Having your receipts ready eases the tax preparation process. You should have the following categories of receipts and other documents handy:
- Last year’s federal, state and local tax returns
- Receipts/statements/cancelled checks for medical and drug costs, health savings account contributions, charitable contributions, contributions to retirement plans
- Business travel and meal expenses (including a mileage log)
- Childcare expenses
- Receipts related to your home, including mortgage and line-of-credit expenses, repair and renovation expenses, real estate and school taxes (not all of these will be deductible, but they may help reduce your basis when you sell your home)
- Any receipts related to a home purchase or sale
- Receipts related to life events like marriages, divorces, births and deaths
3. Review your investment strategy. Short-term investments (those held 12 months or less) don’t get special treatment, but long-term investments (those held longer than one year) are typically taxed less.

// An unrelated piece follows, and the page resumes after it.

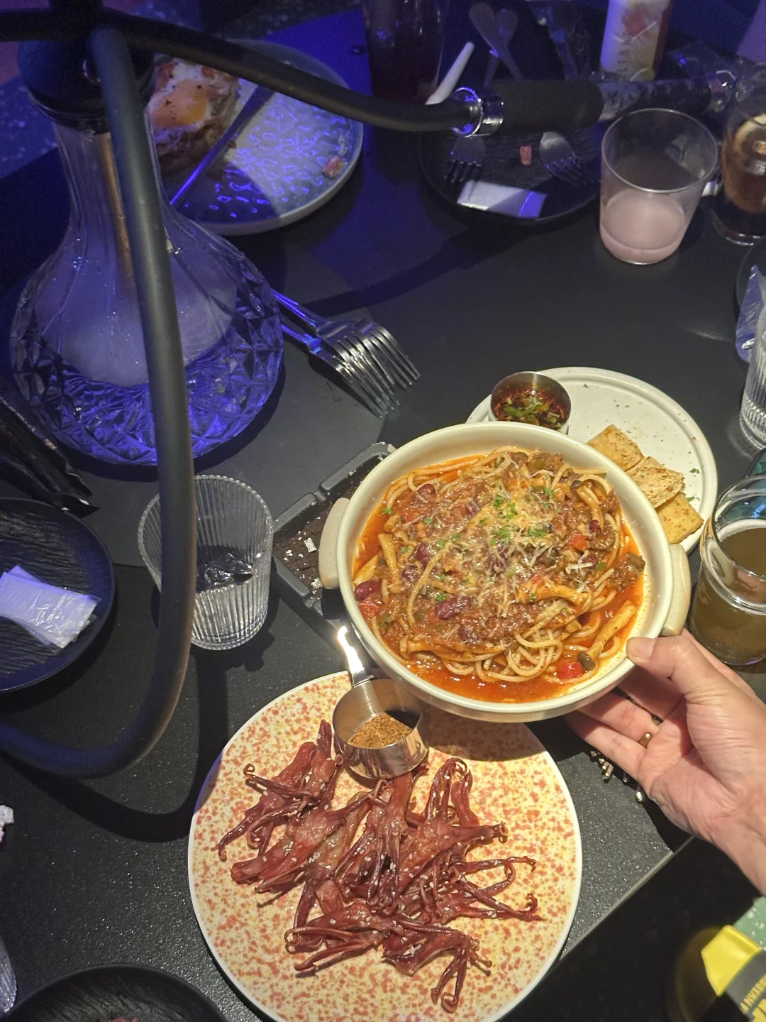 朋友带我去一家国金中心新开的清吧~八方 价格挺亲民 酒挺好喝 氛围非常不错~会有DJ打碟~🎶so nice 水烟什么必不可少! 关键关键![哇R]我觉得他家餐食小吃做的太好吃了 喝酒来点吃的就很不错 意大利面~胸口香辣胸口肉~鸭舌……都好吃 🕶️国金中心3座703~八方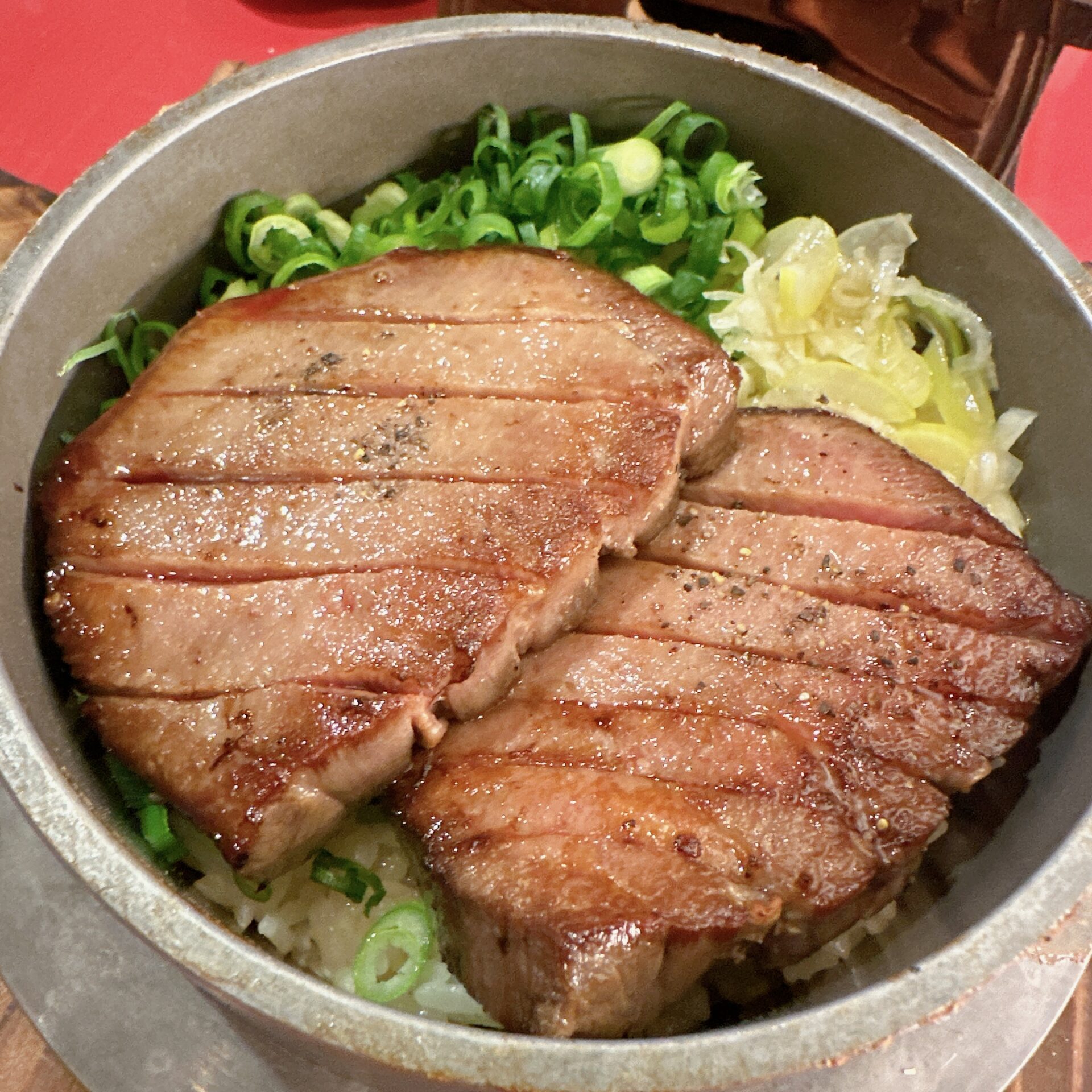 これ、牛タンめちゃめちゃやわらかくて。すーごい美味しい! ご飯とお肉の間のネギがいい感じにお肉の脂と旨みを受け止めていて、それをわさっと混ぜるわけですよ。行き渡る美味しい。最高。

4. Review your charitable contribution strategy. If you make large contributions, it may make sense to alternate the years in which you make the contribution so you can exceed the threshold for the standard deduction.
5. Evaluate tax credits. Consider whether you’re eligible for any tax credits so you can take full advantage of them. Tax credits are important because they are dollar-for-dollar reductions in the amount of taxes you owe. These credits may be refundable or nonrefundable. Refundable tax credits can reduce your tax liability below zero, while a nonrefundable credit cannot.
6. Review your estate plan. No one knows what is going to happen in the future. TCJA changed many deductions related to gifts and estates; take this time to review the changes and make sure your estate plan reflects your wishes and is current. Keep in mind that some of the provisions now in effect are due to sunset in 2025.
If you need help preparing for your future taxes or have questions, contact an MCB Advisor at 703-218-3600 or click here. To review our accounting & audit update articles, click here. To review our tax news articles, click here. To learn more about MCB’s tax practice and our tax experts, click here.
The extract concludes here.